As well as Movistar’s return to prominence, the other thing that stood out for me on the Vuelta’s second stage was the majesty of the Navarran terrain and the beauty and frequent difficulty of the roads that criss-cross it.
The undoubted highlight was the cement road to the San Miguel de Aralar Sanctuary, up towards which Soler drove like a demon at the front of the group of favorites, scattering the GC hopes of several Vuelta contenders in the process. Constructed using huge slabs that have a lightly ridged surface that’s vital in order for rubber tires to gain traction, even when it’s dry, concrete roads like this can be found across the region. In my experience, they’re always steep and there’s a constant vibration that tugs at your rhythm and lucidity. They’re hellish.

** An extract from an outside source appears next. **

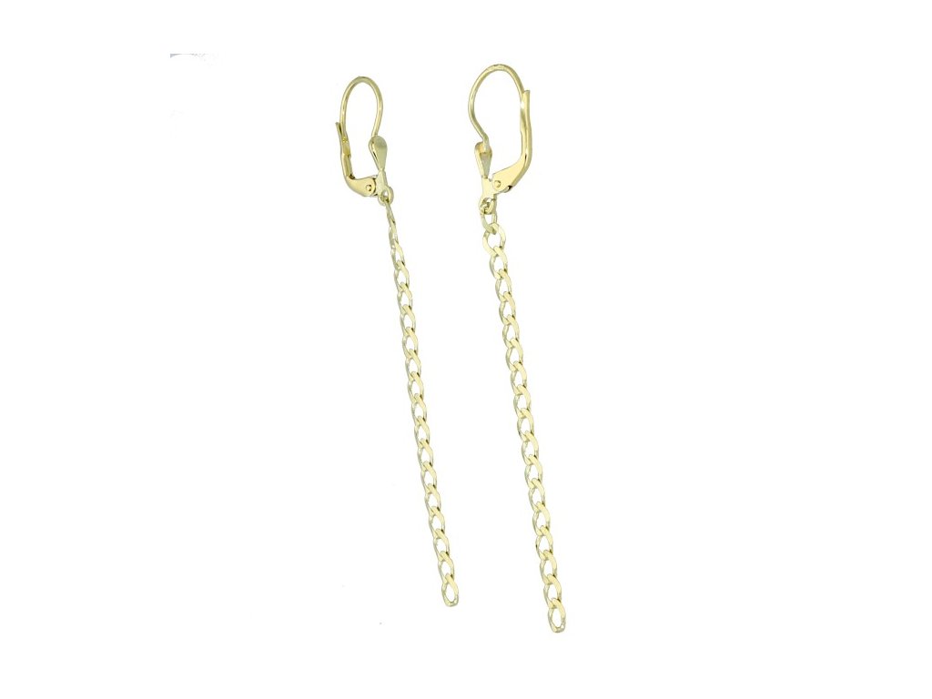 Tyto moderní visací náušnice jsou vyrobeny ze žlutého zlata a zdobí je lesklý řetízek pancr a klasické dámské zapínání. Lesklý povrch náušnic zajišťuje velmi elegantní vzhled. S celkovou délkou 71 mm jsou tyto náušnice ideální pro ženy hledající výrazný a stylový doplněk pro různé příležitosti. Náušnice krásně prodlouží siluetu obličeje a krku. Luxusní zlatý šperk.

These devilish roads apart, this is wonderful cycling terrain, with huge, gently undulating valleys overlooked by towering peaks and bluffs, the roads usually billiard-table smooth and, once you’re away from the few towns and cities, without a great deal of traffic. Riding in Navarra, you quickly realize why it’s long been a hotbed of Spanish cycling, home not only to the regal Indurain and the Movistar men’s and women’s teams, but also to the Caja Rural pro conti team and the Kern Pharma continental outfit.
For those who’d like to explore it a little more, I’d recommend the warren of roads (some of them concrete!) in the Baztán area in northern Navarra, which has become associated with the Baztán trilogy of crime books by Dolores Redondo that have been turned into a Netflix mini-series – in my experience, it doesn’t rain constantly as it seems to in this show.
A little to the south, there are several low passes that run over into France, often through glorious beech woods, luminous green in the spring and summer, all golds, reds and oranges in the autumn. Among them is the Camino de Santiago route used by pilgrims for centuries through the Roncesvalles pass. Then, due east of Pamplona, there are roads into the high mountains of the Pyrenees where Indurain used to train, the pick of them arguably the majestic Puerto de Larrau, where I once forgot the pain of climbing by watching eagles circling on thermals hundreds of feet above me.